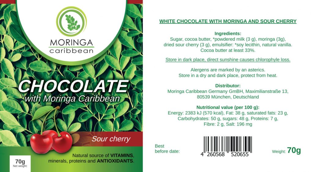 Základní receptura čokolády je inspirována bílou čokoládou, avšak s příměsí prášku z Moringa Caribbean je její konečná barva příjemně zelená. Na jedné straně plochy čokolády je vyražen dekorativní potisk, z druhé strany je lyofilizované ovoce ve formě drcených kousků, které krásně doplňují nejen celkový vzhled, ale i chuťový kontrast. Vhodná také jako originální dárek.
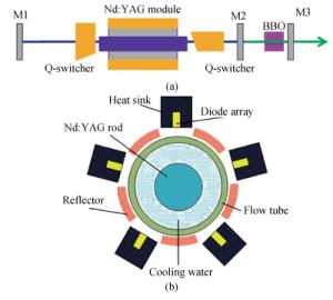 A simple and compact linear resonator green laser at 532 nm is generated by intracavity frequencydoubling of a diode-side-pumped acousto-optically (AO) Q-switched Nd:YAG laser at 1064 nm. Two acoustooptic Q-switches were placed orthogonally with each other to improve the hold-off capacity. As high as 214 W of continuous-wave (CW) and 154 W of quasi-continuous-wave (QCW) output power at 1064 nm were obtained when the pumping power was 1598 W. The type Ⅰ phase-matched BBO crystal was used as the nonlinear medium in the second harmonic generation. A green laser with an average output power of 37 W was obtained at a repetition rate of 20 kHz and a pulse width of 54 ns, which corresponds to pulse energy of 1.85 mJ per pulse and a peak power 34.26 kW, respectively.
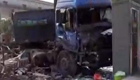 瞌睡司機撞塌收費站大門
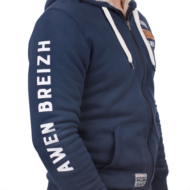 Article en molleton doublé sherpa, marquage cœur et manche : "Aventurier des Mers" et "Awen Breizh" (L'Esprit Breton")
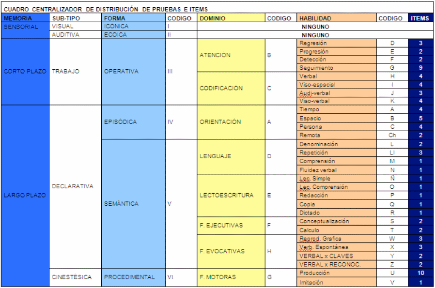 Plantea un cuadro centralizador de distribución de pruebas e ítems y también una matriz centralizadora de los resultados obtenidos en cada dominio neuropsicoiogico y habilidad cognitiva
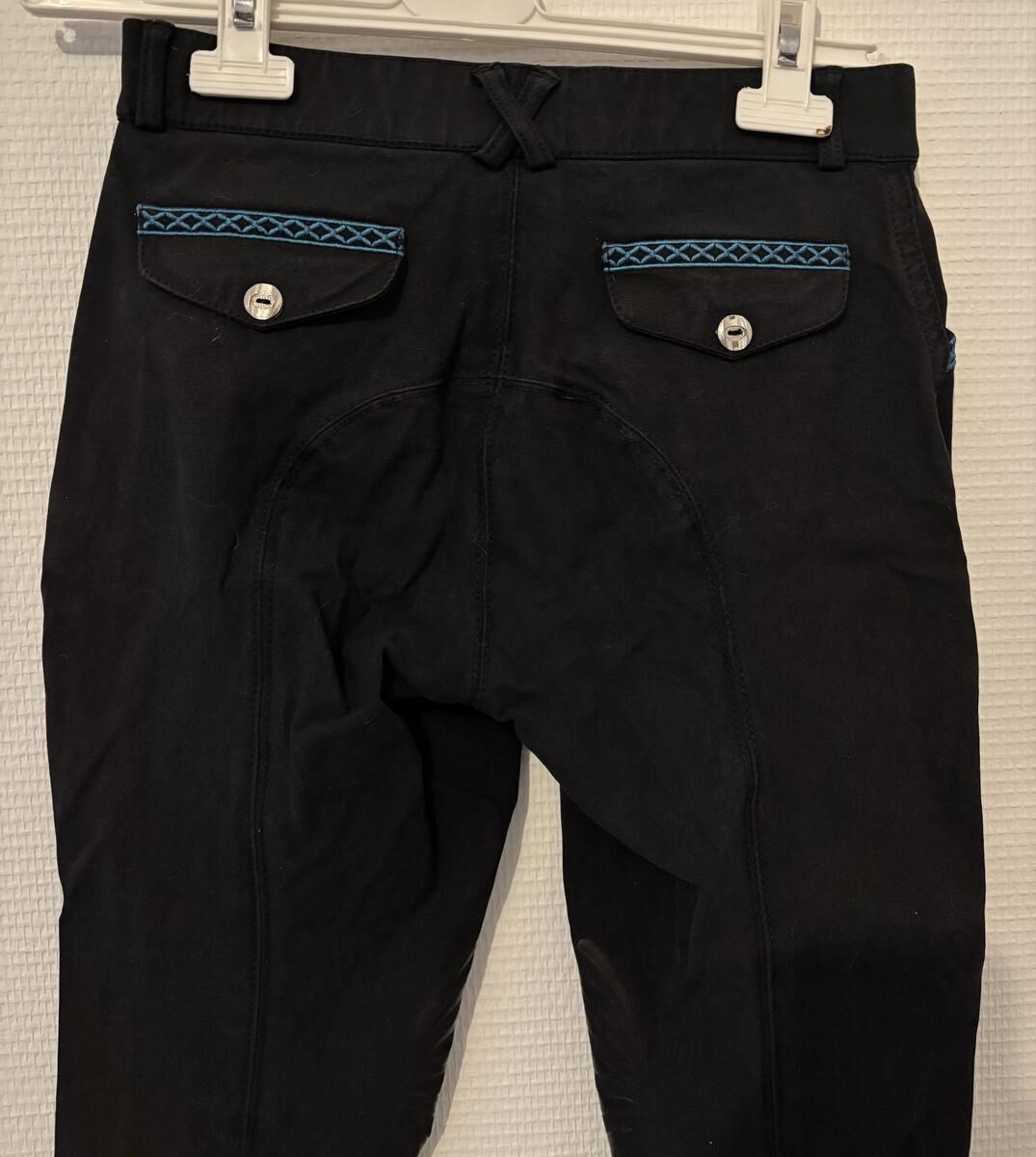 Pantalon Flags&Cup noir avec liseré bleu sur les poches.
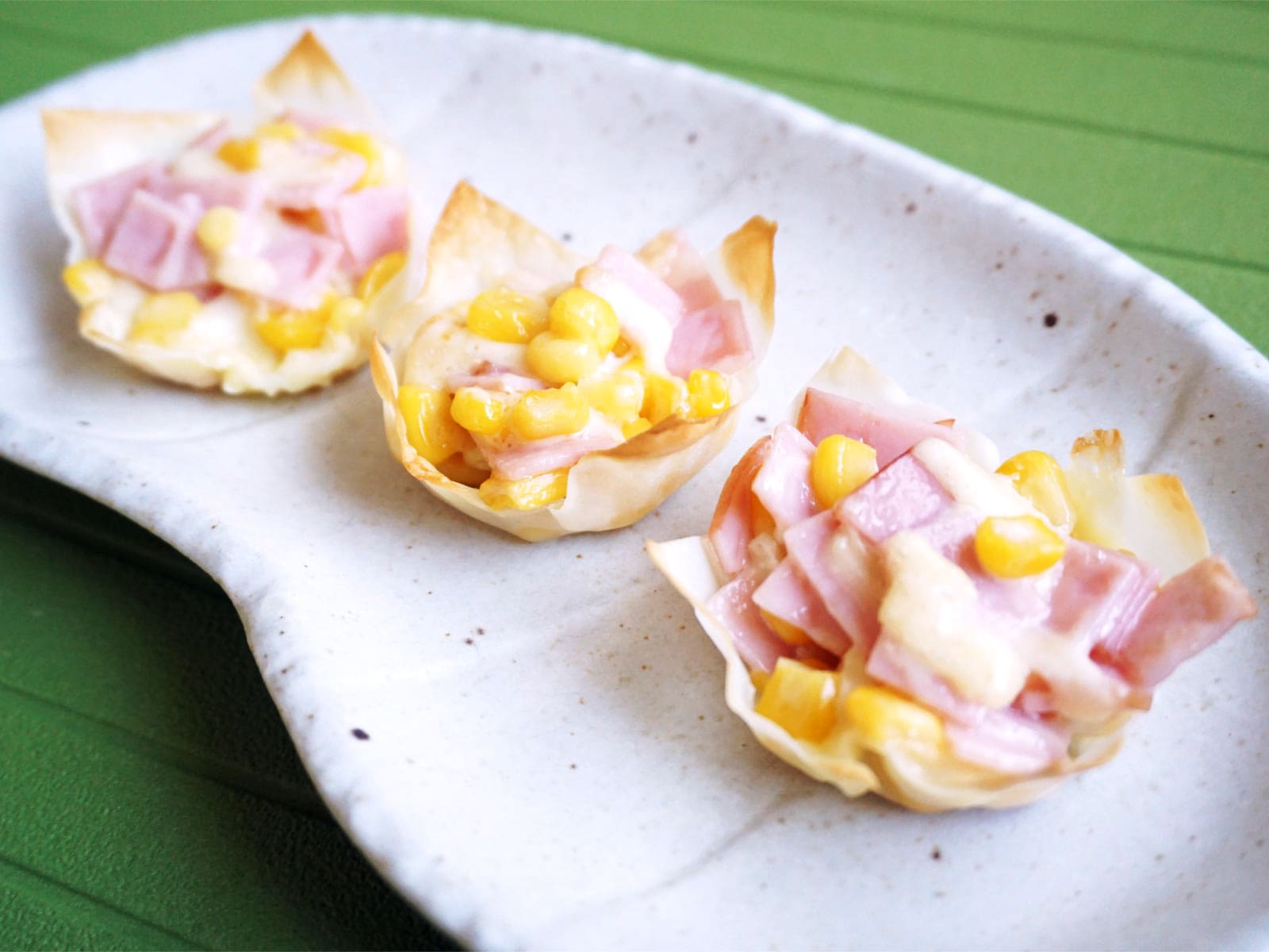 シュウマイの皮で!コーンとハムのミニカップグラタン。
§ §
● **What this task involves**: Beginning with the line that contains "Plantea un cuadro", write out the remaining lines of the listing above through the last, exactly and only those, without pictures.

● **Completed exercise**:
 Plantea un cuadro centralizador de distribución de pruebas e ítems y también una matriz centralizadora de los resultados obtenidos en cada dominio neuropsicoiogico y habilidad cognitiva
 Pantalon Flags&Cup noir avec liseré bleu sur les poches.
 シュウマイの皮で!コーンとハムのミニカップグラタン。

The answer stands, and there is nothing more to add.